Question

Draw the best periodic table you can from memory (do not look at a table to do this). You do not need to label the elements, but you should put the correct number of elements in each block. After your group agrees that the group has done its best, spend exactly three minutes comparing your table with Figure 9.26. Make a second periodic table from memory. Is it better than your first one?

Short answer

The second attempt at drawing the periodic table from memory is likely better than the first due to the comparison with an actual periodic table and corrections made.

Step-by-step solution

Recall the Periodic Table Structure

Start by recalling that the periodic table is divided into several blocks. There are 2 elements in the first period, the second and third periods each have 8 elements, the fourth and fifth have 18, and the sixth and seventh have 32 due to the inclusion of the f-block. Remember that the periods are horizontal rows and groups or families are vertical columns.

Sketch the Periodic Table Framework

Using the structure from Step 1, sketch the periodic table framework. Draw seven horizontal rows for the periods and 18 columns for the groups. Ensure that you properly separate the main group elements (s- and p-blocks), the transition metals (d-block), and the inner transition metals (f-block, also known as the lanthanides and actinides), which are typically represented below the main part of the table.

Refine the Table

Once you have the basic structure, allocate the right number of placeholders for each element within the corresponding period. Remember that the first period has only 2 elements, hydrogen and helium, followed by periods with increasing numbers of elements. Be sure to leave appropriate space for the d-block elements starting from the fourth period and the f-block starting from the sixth period.

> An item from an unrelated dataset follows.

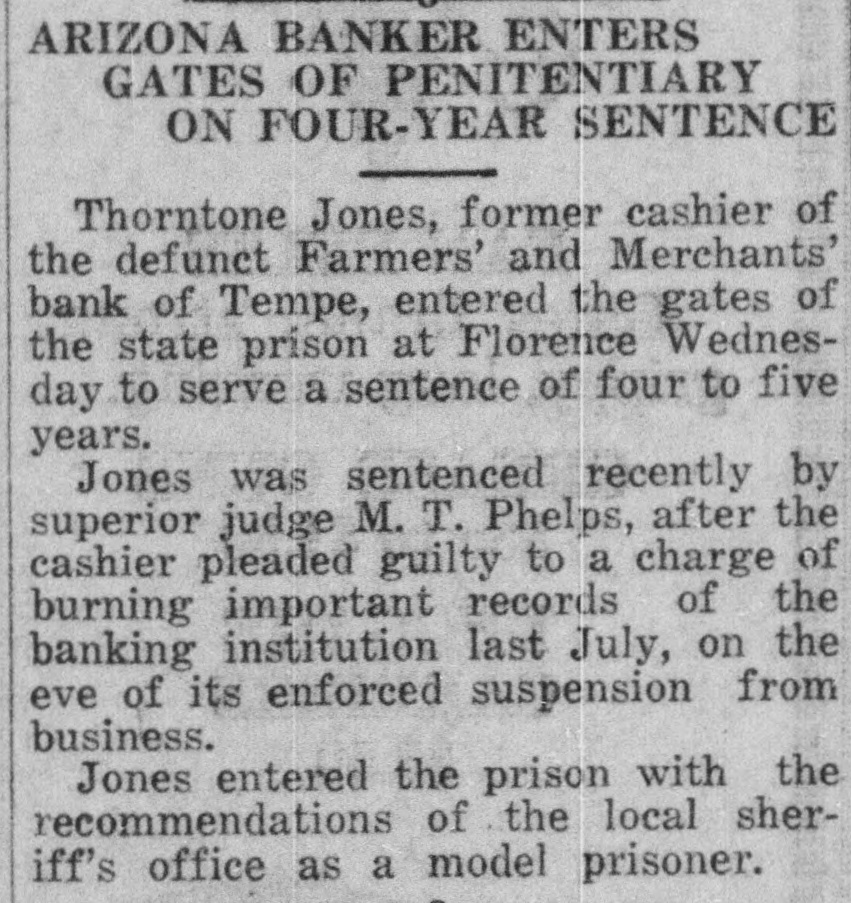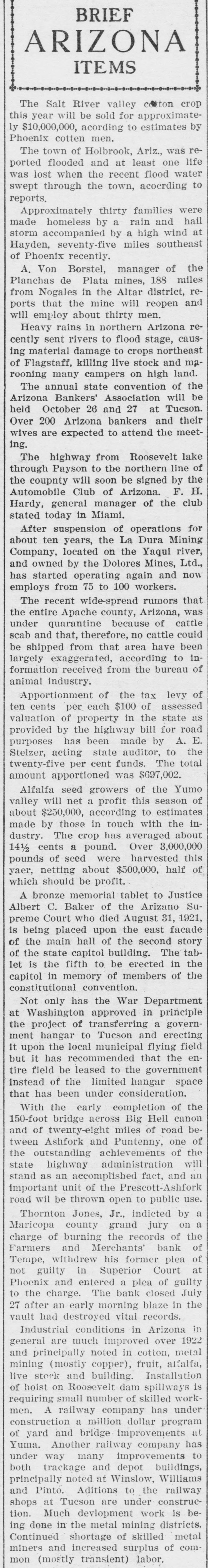 BRIEF ARIZONA ITEMS The Salt River valley cotton crop this year will be sold for approximate- by ly $10,000,000, acording to estimates Phoenix cotten men. The town of Holbrook, Ariz., was reported flooded and at least one life was lost when the recent flood water to swept through the town, acocrding reports, Approximately thirty families were hail made homeless by a rain and storm accompanied by a high wind at Hayden, seventy-five miles southeast of Phoenix recently. A. Von Borstel, manager of the Planchas de Plata mines, 188 miles from Nogales in the Altar district, and reports that the mine will reopen will employ about thirty men. rains in northern Arizona resent rivers to flood cently Heavy stage, northeast causmaterial damage to crops of killing live stock mamany campers on rooning ing Flagstaff, high and land. state convention of the Bankers' Association Arizona The annual Tucson. will be held October 26 and 27 at Over 200 Arizona bankers and their wives are expected to attend the meeting. The highway from Roosevelt lake through Payson to the northern line of the coupnty will soon be signed by the Automobile Club of Arizona. F. H. Hardy, general manager of the club stated today in Miami. After suspension of operations for about ten years, the La Dura Mining located on the by the Dolores and Company, owned Yaqui Mines, and river, Ltd., now has started operating again employs from 75 to 100 workers. The recent wide-spread rumors that the entire Apache county, Arizona, was under quarantine because of cattle scab and that, therefore, no cattle could be from that area have largely shipped exaggerated, according bureau to been in- of formation received from the animal industry. Apportionment of the tax levy of per each $100 of assessed of property in the as ten valuation cents for state road provided by the highway bill has been made by A. E. state to Stelzer, purposes acting auditor, The total the twenty-five per cent funds. amount apportioned was $697,002. Alfalfa seed growers of the Yumo will net a profit this season of about according to valley $250,000, with estimates the inmade by those in touch dustry. The crop has averaged about 141/2 cents a pound. Over 3,000,000 of seed were harvested this netting about $500,000, which should be yaer, pounds profit. half of A bronze memorial tablet to Justice Albert C. Baker of the Arizano SuCourt who died August 31, 1921, is placed upon the hall of the of preme being the main second east facade story of the state capitol building. The tablet is the fifth to be erected in the capitol in memory of members of the constitutional convention. Not only has the War Department at Washington approved in principle the project of transferring a government hangar to Tucson and erecting it upon the local municipal flying field but it has recommended that the entire field be leased to the government instead of the limited hangar space that has been under consideration. With the early completion of the 150-foot bridge across Big Hell canon and of twenty-eight miles of road between Ashfork and Puntenny, one of the outstanding achievements of the state highway administration will stand as an accomplished fact, and an unit of the important Prescott-Ashfork public use. road wil be thrown open to Jones, Jr., a county grand Maricopa Thornton indicted jury of by on the a charge of burning the records Farmers and Merchants' bank of Tempe, withdrew his former plea of not guilty in Superior Court at Phoenix and entered a plea of guilty to the charge. The bank closed July 27 after an early morning blaze in the vault had destroyed vital records. Industrial conditions in Arizona in general are much improved over 1922 and principally noted in cotton, metal mining (mostly copper), fruit, alfalfa, live stock and building. Installation of hoist on Roosevelt dam spillways is requiring small number of skilled workmen. A railway company has under construction a million dollar program of yard and bridge improvements at Yuma. Another railway company has under way many improvements to both trackage and depot buildings, principally noted at Winslow, Williams Pinto. Aditions to the railway at Tucson are under tion. Much devlopment and shops work construc- districts. is bedone in the metal mining shortage of and increased surplus comContinued miners ing skilled of metal mon (mostly transient) labor.

Compare with the Actual Periodic Table

After finalizing the sketch, spend exactly three minutes comparing your table with the actual periodic table in your textbook or another reliable source. Take note of any differences or omissions.

Draw a Second Periodic Table from Memory

With the improvements and corrections in mind from Step 4, draw a second version of the periodic table from memory. Make sure to address the previous mistakes and adjust the sketch based on your comparison with the actual periodic table.

Evaluate the Second Attempt

Look over the second attempt to verify whether it is more accurate than the first. Consider the placement of the elements, numbering, and the overall structure in this evaluation.

Key concepts

Periods and Groups in Periodic Table

Understanding the layout of the periodic table is crucial for anyone studying chemistry. The table is organized into rows and columns, known as periods and groups.

Periods are horizontal rows that sequence elements based on their increasing atomic number, which is the number of protons an atom possesses. Each period correlates with the highest energy level of electrons that elements in that row contain. For instance, the very first period has only two elements, hydrogen and helium, because there is only one principal energy level (or shell) for electrons and it can only hold two electrons.

On the other hand, groups or families are the vertical columns. Elements in the same group have similar chemical properties because they have the same number of electrons in their outermost shell, also known as valence electrons. This is why elements in a group tend to exhibit trends in their chemical reactivity. For example, the alkali metals in group 1 are all highly reactive.

In practicing to recall and draw the periodic table from memory, as the exercise suggests, one would benefit from acknowledging these patterns in periods and groups because they help place elements correctly.

Block Division of Periodic Table

The periodic table is further categorized into blocks that reflect the electron orbital types that the valence electrons of the elements occupy. This block division is essential for predicting various chemical properties and behaviors of the elements.

The s-block includes the first two groups of the periodic table, known for housing the alkali and alkaline earth metals. Next is the p-block, which contains the last six groups, featuring elements like the halogens and noble gases. Together, the s- and p-blocks make up what are known as the main group elements.

The d-block consists of transition metals and spans groups 3 to 12. These elements are characterized by their filling d-orbitals and are notable for their metallic properties and complex ion formation.

Finally, the f-block, located below the rest of the table, comprises the lanthanides and actinides. These elements are known as inner transition metals and are involved in filling the f-orbitals.

Remembering which block an element belongs to can assist in placing it accurately on the table during memorization exercises, as the unique characteristics of each block's elements often define their position.

Element Placement in Periodic Table

The placement of elements in the periodic table is not arbitrary; it follows specific rules based on atomic structure.

As you recall the layout from memory, keep in mind that the number of elements in each period increases as you move down the table due to the expanding nature of the electron shells. Hydrogen and helium are placed in the first period, while the following periods feature more elements, correlating with the increased capacity of the electron shells.

For transition metals in the d-block, their initiation starts at the fourth period as representational exceptions to the underlying patterns. They exhibit distinctive characteristics and trends such as variable oxidation states and colored compounds. The inner transition metals in the f-block, which are typically placed separately below the main table, begin at the sixth period and include elements that have diverse radioactive properties and are often associated with high atomic numbers.

Enhancing your memory of the periodic table is not just about the sequence of elements but also understanding the underlying principles governing their placement. Each element's position gives clues about its properties and the type of chemical reactions it may partake in.